A coveted brew of caffeine that acts a powerful, and one might even say explosive, restorative. The Leopard loves this in particular. Coffee lovers in Vienna are also quite fond of it. Don't tell them it's brewed from bat guano, though; that's just another of Mr Wines' jokes... [14]
Hard Drinks
The Neath has many, many, varieties of alcoholic drinks. The most popular are the Greyfields mushroom wines; Mr Wines also made a few drinks of its own, though we aren't liable for your actions under their influence.
Airag is a valuable Fourth City beverage, made of fermented mares' milk, and tomb-colonists drink something called dustwine that's said to taste like roses and make one's mind flip itself over.[15] That being said, it's more like a dust than a liquid.

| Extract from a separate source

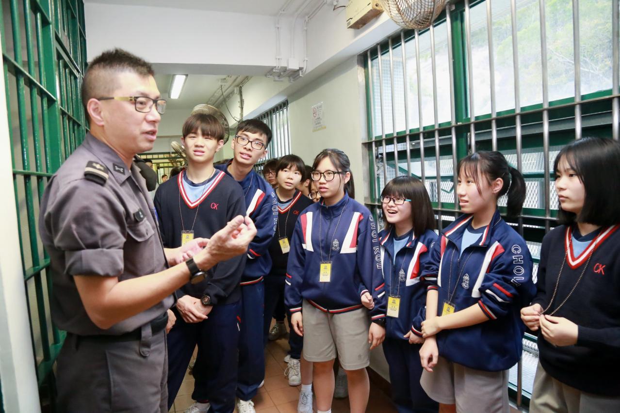 與此同時,學生們還登上了押解車輛,並到囚倉區參觀探訪室、囚室、課室及職業培訓工場等設施。此外,獄警向來訪學生展示各種執勤裝備,介紹不同設備的特性和用途,學生們踴躍試用手扣、警棍、胡椒噴霧、盾牌等裝備模型。

Strangling Willow Absinthe
Ah, someone with refined taste. This is Strangling Willow Absinthe, a popular beverage[16] among bohemians and anyone looking to liven up bland salons.[17] While it hardly has any connection to the willow tree (there are hardly any trees down here, after all), its name isn't for naught. The thing about Strangling Willow is that it is animate beyond reason. If left alone, it can easily escape any ordinary bottle, and you don't want to let it run around.[18] It might jump off your spoon, or start to wiggle in your throat. We have a few bottles right over there, and I really insist you take at least one as a present.[19]
Black Wings Absinthe
An exotic and cryptic drink manufactured by Mr Wines. This night-black alcohol smells of wormwood and leather, and seems to move on its own.[20] While avoided by most of Fallen London's sane public, it is exceptionally popular among hunters who wish to kill the Vake. This absinthe grants hallucinogenic visions: of distant stars, of endless open space that stretches in all directions, of flight in the middle of the night.[21] It also makes the unfortunate drinker run around the city in a cloak like a maniac. Good thing you won't remember that after it wears off.[22]
Even more sinister and rare is a new variant of this brew - Black Wings Absinthe Nouveau. Not much is known about it, but it has a deep scarlet color, and even the most daring hunters are best advised to avoid it.[23]
Jasmine Tea
Tea is common in the Neath. But this tea is not the ordinary stuff that street vendors offer to the undemanding public. Only the finest and the highest quality tea leaves are used to brew our magnificent tea. Our shipper says that the jasmine was gathered in the Elder Continent itself! ...Or did he say the Surface? Regardless of origin, it is the best and most remarkable tea you could find here. [24] Except for...
Lethean Tea
This is a very special tea, said to be steeped in the waters of the river Lethe. It has an amnesic effect... so would anyone recall how it tastes?[25]
It's admittedly a bit strange to see this glimmering coral in tea, considering it is primarily used in jewelry and as an analogue of tobacco snuff. But it is indeed used in tea, and it is terribly expensive.